- **What to do**
Among the entries below, the lines from the one with "그래도 못 믿겠다고?" up to and including the one with "Pull femme avec" are to be restated exactly, without pictures.

- **Provided material**
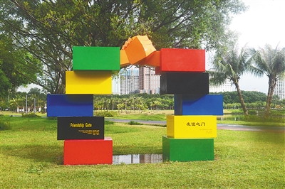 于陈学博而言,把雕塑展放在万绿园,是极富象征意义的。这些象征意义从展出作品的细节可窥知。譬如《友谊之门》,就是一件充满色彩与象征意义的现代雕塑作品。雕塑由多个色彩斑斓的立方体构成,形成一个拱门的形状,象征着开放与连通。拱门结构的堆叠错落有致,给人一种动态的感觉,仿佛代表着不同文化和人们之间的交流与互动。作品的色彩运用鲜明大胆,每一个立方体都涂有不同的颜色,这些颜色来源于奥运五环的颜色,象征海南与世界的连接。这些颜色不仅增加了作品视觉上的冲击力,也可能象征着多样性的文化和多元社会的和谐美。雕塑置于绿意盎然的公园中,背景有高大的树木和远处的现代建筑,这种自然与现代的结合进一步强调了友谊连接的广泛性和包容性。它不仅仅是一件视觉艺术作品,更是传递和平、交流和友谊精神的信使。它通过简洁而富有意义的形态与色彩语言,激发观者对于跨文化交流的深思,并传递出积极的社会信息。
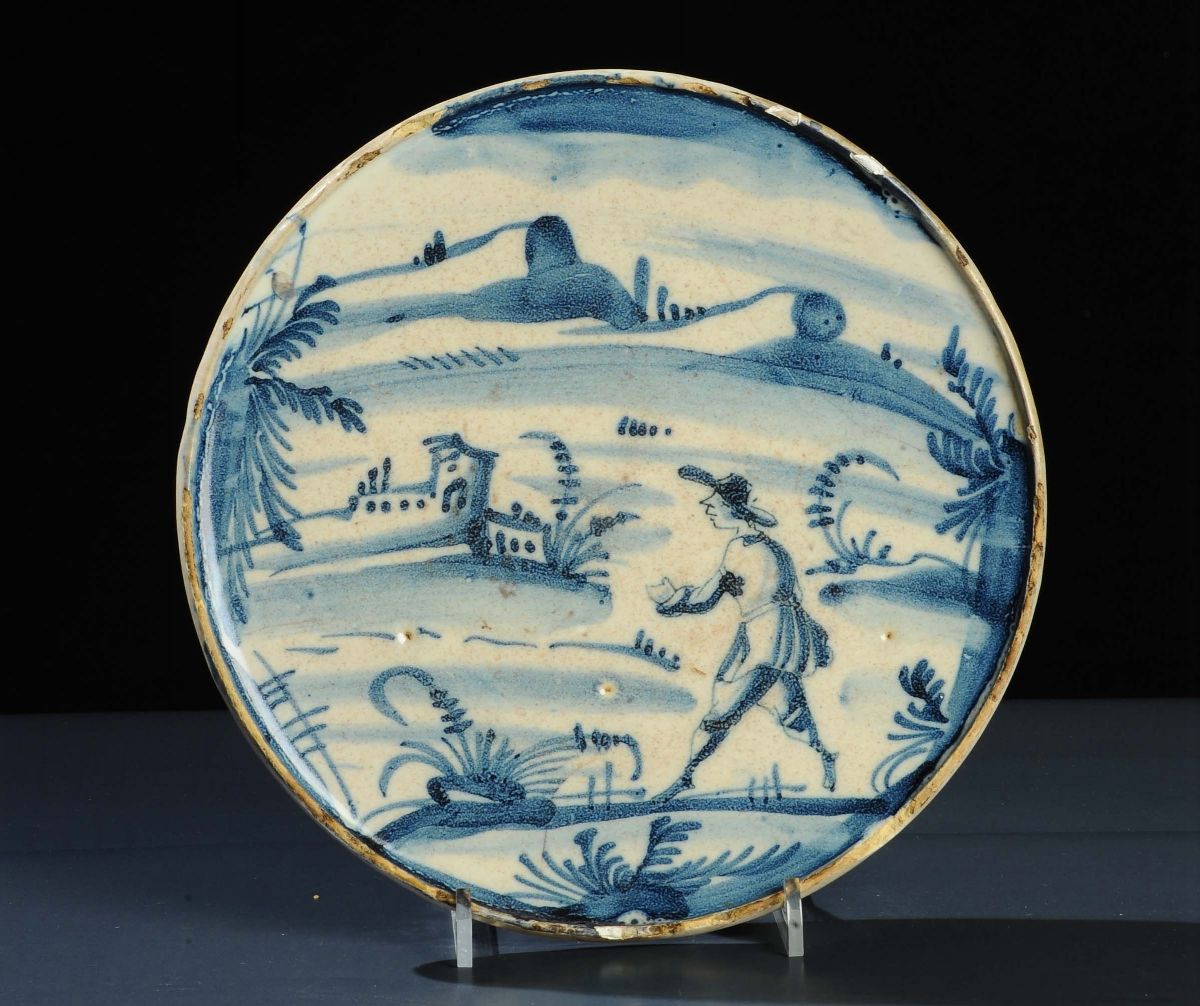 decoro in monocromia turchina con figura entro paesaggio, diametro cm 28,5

---

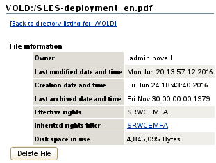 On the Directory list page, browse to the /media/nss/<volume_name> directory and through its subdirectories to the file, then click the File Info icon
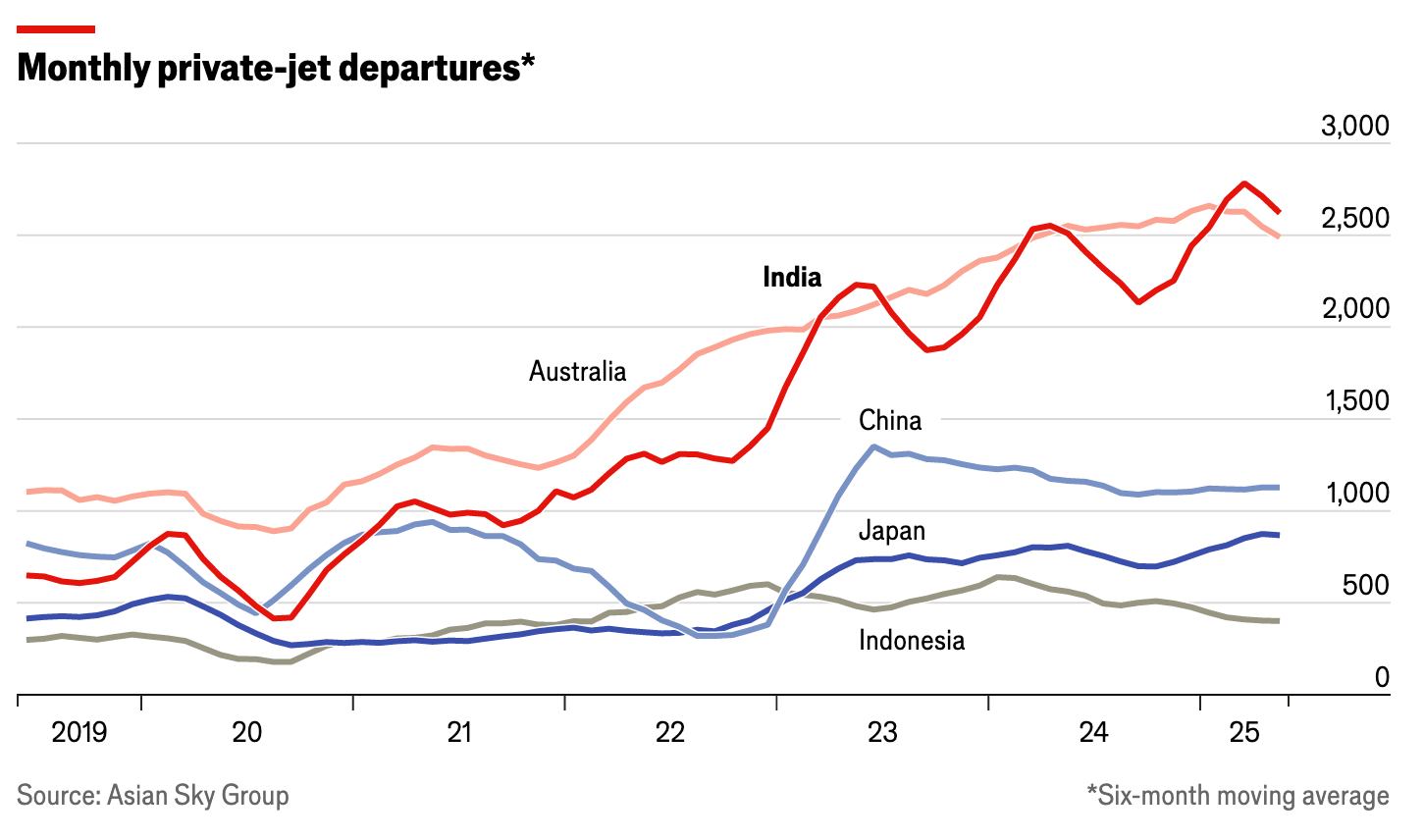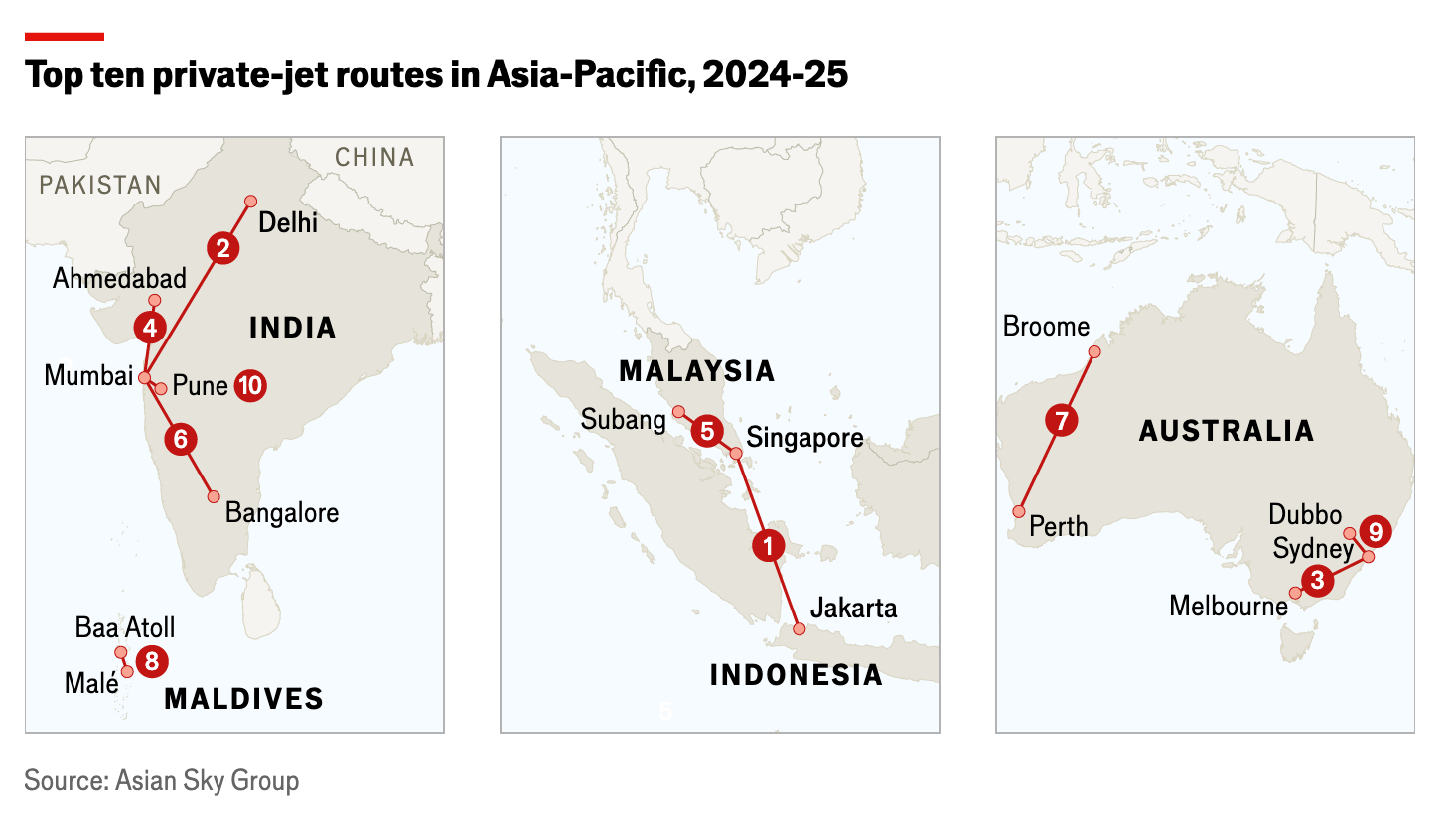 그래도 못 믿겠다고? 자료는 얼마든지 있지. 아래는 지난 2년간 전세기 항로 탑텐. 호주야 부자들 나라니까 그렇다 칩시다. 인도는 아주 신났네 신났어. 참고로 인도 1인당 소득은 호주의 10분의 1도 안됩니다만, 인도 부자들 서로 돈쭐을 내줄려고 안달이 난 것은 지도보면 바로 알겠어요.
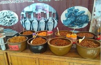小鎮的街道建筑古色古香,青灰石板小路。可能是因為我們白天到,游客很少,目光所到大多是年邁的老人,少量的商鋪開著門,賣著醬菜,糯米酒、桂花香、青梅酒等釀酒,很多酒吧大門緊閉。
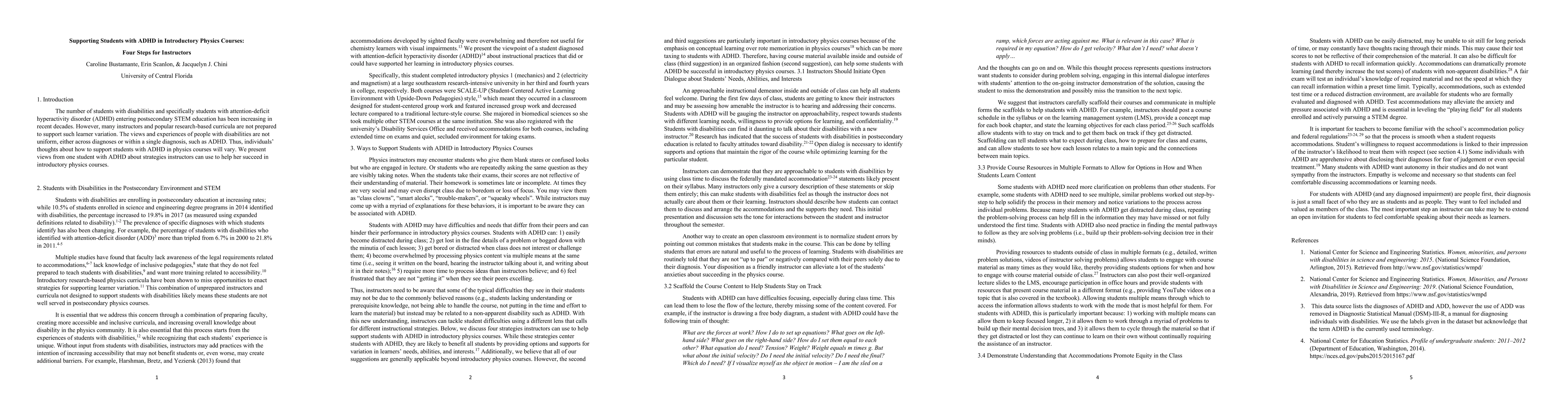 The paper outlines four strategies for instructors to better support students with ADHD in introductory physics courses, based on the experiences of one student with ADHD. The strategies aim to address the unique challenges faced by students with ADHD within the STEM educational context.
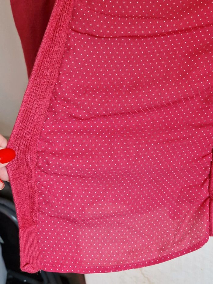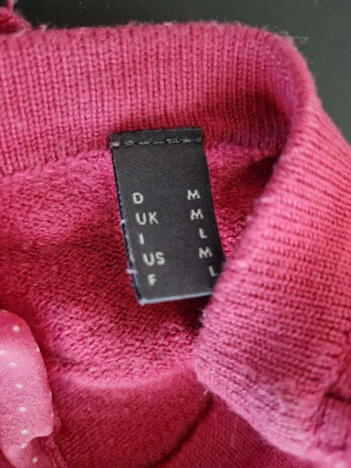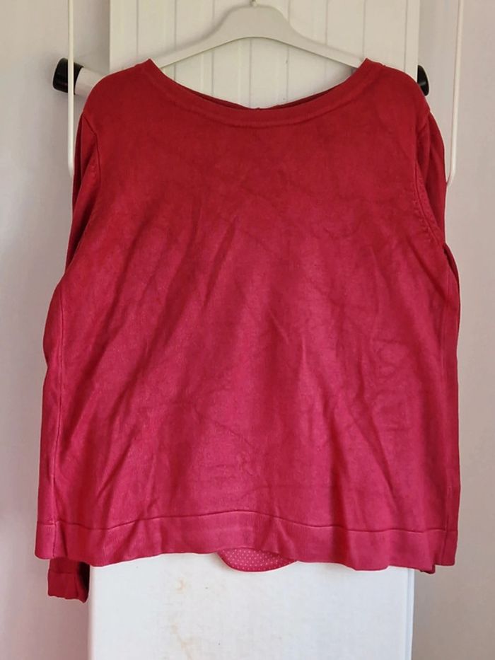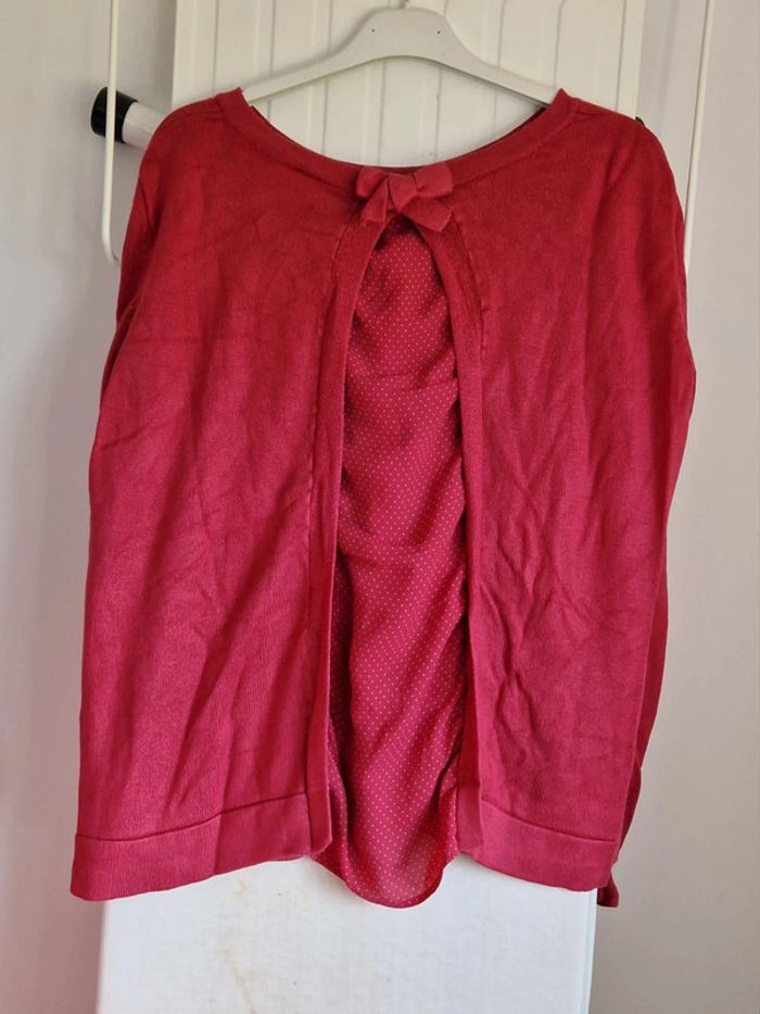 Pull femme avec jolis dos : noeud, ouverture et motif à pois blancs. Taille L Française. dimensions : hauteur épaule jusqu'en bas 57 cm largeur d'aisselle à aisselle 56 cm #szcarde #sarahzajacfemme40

- **Output below**
 그래도 못 믿겠다고? 자료는 얼마든지 있지. 아래는 지난 2년간 전세기 항로 탑텐. 호주야 부자들 나라니까 그렇다 칩시다. 인도는 아주 신났네 신났어. 참고로 인도 1인당 소득은 호주의 10분의 1도 안됩니다만, 인도 부자들 서로 돈쭐을 내줄려고 안달이 난 것은 지도보면 바로 알겠어요.
小鎮的街道建筑古色古香,青灰石板小路。可能是因為我們白天到,游客很少,目光所到大多是年邁的老人,少量的商鋪開著門,賣著醬菜,糯米酒、桂花香、青梅酒等釀酒,很多酒吧大門緊閉。
 The paper outlines four strategies for instructors to better support students with ADHD in introductory physics courses, based on the experiences of one student with ADHD. The strategies aim to address the unique challenges faced by students with ADHD within the STEM educational context.
 Pull femme avec jolis dos : noeud, ouverture et motif à pois blancs. Taille L Française. dimensions : hauteur épaule jusqu'en bas 57 cm largeur d'aisselle à aisselle 56 cm #szcarde #sarahzajacfemme40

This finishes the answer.